▶ Your objective
Word for word, restate the data that follows, omitting the images.

▶ Recorded information
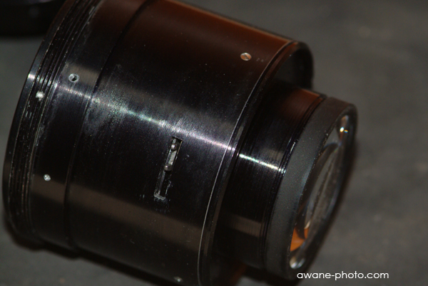 つぎに,鏡胴の先にある小さなネジをはずす。
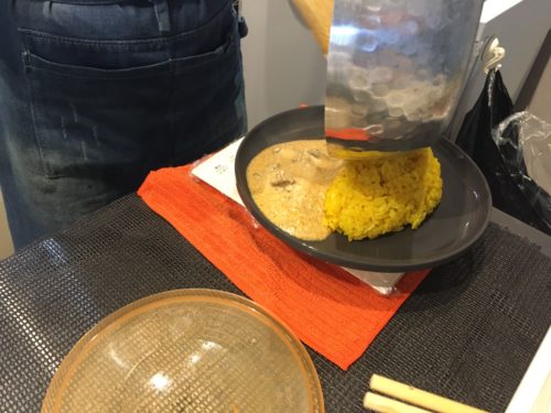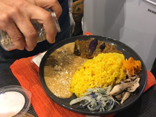 ライスは、スパイス3種を油で炒め、香りづけをしたところにお米を入れ、ターメリックと塩を加えてさらに炒め、それを炊飯器で炊いたという、手間暇かけて作られたおいしいご飯です。
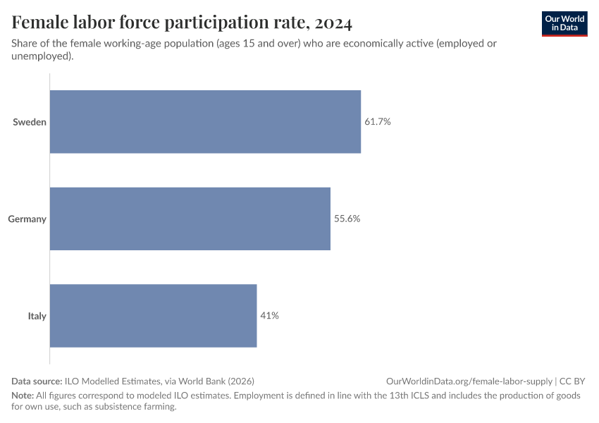 ILO Modelled Estimates, via World Bank (2026) – processed by Our World in Data. “Female labor force participation rate – ILO” [dataset]. ILO Modelled Estimates, via World Bank, “World Development Indicators 125” [original data]. Retrieved April 14, 2026 from https://data-childlabor-ilounicef.owid.pages.dev:8789/20260304-094028/grapher/female-labor-force-participation-rates.html (archived on March 4, 2026).
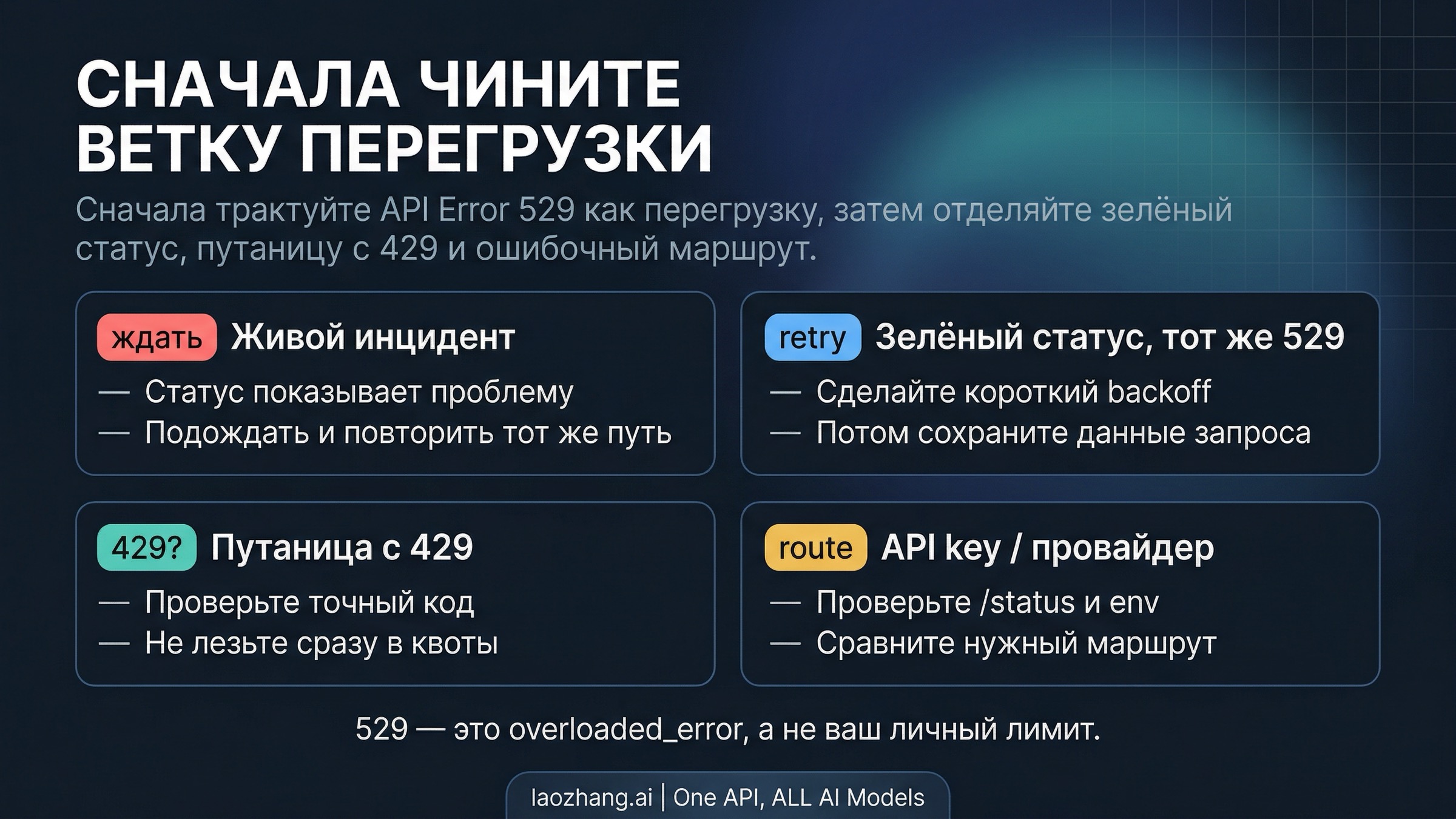 | Status зеленый, но тот же path все равно дает 529 | Временная или локализованная перегрузка | Сделать один bounded same-path retry с короткой паузой | Убедиться, восстановился ли именно тот path без лишних изменений | Несколько коротких retry на том же path все еще заканчиваются 529 |

▶ Answer to the exercise
 つぎに,鏡胴の先にある小さなネジをはずす。
 ライスは、スパイス3種を油で炒め、香りづけをしたところにお米を入れ、ターメリックと塩を加えてさらに炒め、それを炊飯器で炊いたという、手間暇かけて作られたおいしいご飯です。
 ILO Modelled Estimates, via World Bank (2026) – processed by Our World in Data. “Female labor force participation rate – ILO” [dataset]. ILO Modelled Estimates, via World Bank, “World Development Indicators 125” [original data]. Retrieved April 14, 2026 from https://data-childlabor-ilounicef.owid.pages.dev:8789/20260304-094028/grapher/female-labor-force-participation-rates.html (archived on March 4, 2026).
 | Status зеленый, но тот же path все равно дает 529 | Временная или локализованная перегрузка | Сделать один bounded same-path retry с короткой паузой | Убедиться, восстановился ли именно тот path без лишних изменений | Несколько коротких retry на том же path все еще заканчиваются 529 |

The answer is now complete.